This information might help you diagnose the trouble if you are
having a workload distribution problem.
What kind of problem are you seeing?
If none of these problem solution descriptions fix your problem:
- Browse the JVM logs of the problem deployment manager and
application servers:
- Look up any error messages by selecting the Reference view of the
information center navigation and expanding Messages in the navigation
tree.
If Java™ exceptions appear in the log files, try to determine
the actual subcomponent that is directly involved in the problem by examining
the trace stack and looking for a product-related class near the top of the
stack (names beginning with com.ibm.websphere or com.ibm.ws)
that created the exception. If appropriate, review the steps for troubleshooting
the appropriate subcomponent under the Troubleshooting WebSphere applications section
of the Information Center.
For example, if the exception appears to
have been thrown by a class in the com.ibm.websphere.naming package, review
the Naming Services Component troubleshooting tips topic.
- Ensure that all the machines in your configuration have TCP/IP connectivity
to each other by running the ping command:
- From each physical server to the deployment manager
- From the deployment manager to each physical server
- Although the problem is happening in a clustered environment, the actual
cause might be only indirectly related, or unrelated, to clustering. Investigate
all relevant possibilities:
- If an enterprise bean on one or more servers is not serving requests,
review the "Cannot access an enterprise bean from a servlet, JSP, stand-alone
program, or other client" and "Cannot look up an object hosted by the product
from a servlet, JSP file, or other client" topics.
- If problems seem to appear after enabling security, review the "Errors
or access problems after enabling security" topic.
- If an application server stops responding to requests, or spontaneously
dies (its process closes), review the "Web module or application server dies
or hangs" topic.
- If SOAP requests are not being served by some or all servers, review the
"Errors returned to client trying to send a SOAP request" topic.
- Check to see if the problem is identified and documented by looking at
available online support (hints and tips, technotes, and fixes).
HTTP requests are not distributed to all servers
If
HTTP requests are not being distributed to all servers:
- Check your Primary Servers list. The plug-in load balances across all
servers that are defined in the Primary Servers list, if affinity has not
been established. If you do not have a Primary Servers list defined, the plug-in
load balances across all servers defined in the cluster, if affinity has not
been established. In the case where affinity has been established, the plug-in
should go directly to that server, for all requests within the same HTTP session.
- If some servers are servicing requests and one or more others are not,
try accessing a problem server directly to verify that it works, apart from
workload management issues. If that does not work:
- Use the administrative console to ensure that the affected server is running.

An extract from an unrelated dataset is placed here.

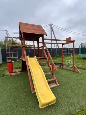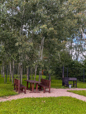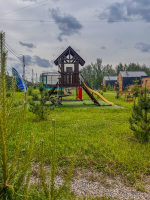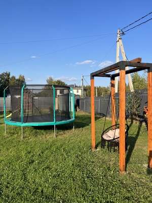 Для маленьких гостей есть детская площадка. И большой батут, на котором могут прыгать и дети в взрослые.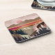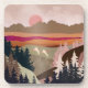 Eine abstrakte Landschaft mit einzigartigen Farben und Texturen, die eine Naturlandschaft mit aufsteigender Sonne und zwei Gänsen in Orange-, Beige-, Braun- und Rosatönen zeigt.

- See the topic "Web resource does not display" for more information.
- See the "HTTP plug-in component troubleshooting tips" topic for more information.
Enterprise bean requests are not distributed to
all servers
If a client cannot reach a server in a cluster thought
to be reachable, a server might be marked unusable, or is down. To verify
this:
- Use the administrative console to verify that the server is started. Try
starting it, or if started, stop and restart it.
- Browse the administrative console and verify that the node that runs the
server having the problem appears. If it does not:
- Review the steps for adding a node to a cluster.
- Review the steps in the section One or more nodes do not show up
in the administrative console.
- If possible, try accessing the enterprise bean directly on the problem
server to see if there is a problem with TCP/IP connectivity, application
server health, or other problem not related to workload management. If this
fails, review the "Cannot access enterprise bean from a servlet, JSP, stand-alone
program , or other client" topic.
A failing server still receives enterprise bean
requests (failover is not completed)
Some possible causes of this
problem are:
- The client might have been in a transaction with an enterprise
bean on the server that went down. Check the JVM logs of the application server
hosting the problem enterprise bean instance. If a request is returned with CORBA
SystemException COMM_FAILURE org.omg.CORBA.completion_status.COMPLETED_MAYBE,
this might be working as designed. The design is to let this particular exception
flow back to the client, since the transaction might have completed. Failing
over this request to another server could result in this request being serviced
twice.
- If the requests sent to the servers come back to the client
with any other exceptions consistently, it might be that no servers are available.
Stopped or hung servers do not share
the workload after being restored
This error occurs when previously
unavailable servers are not recognized by the workload management component
after those servers are restored. There is an unusable interval
determined by the property com.ibm.websphere.wlm.unusable.interval during
which the workload manager waits to send to a server that has been marked
unusable. By default this is 5 minutes.
You can confirm
that this is the problem by ensuring that servers that were down are now up
and capable of servicing requests. Then wait for the unusable interval to
elapse before checking to determine whether failover occurs.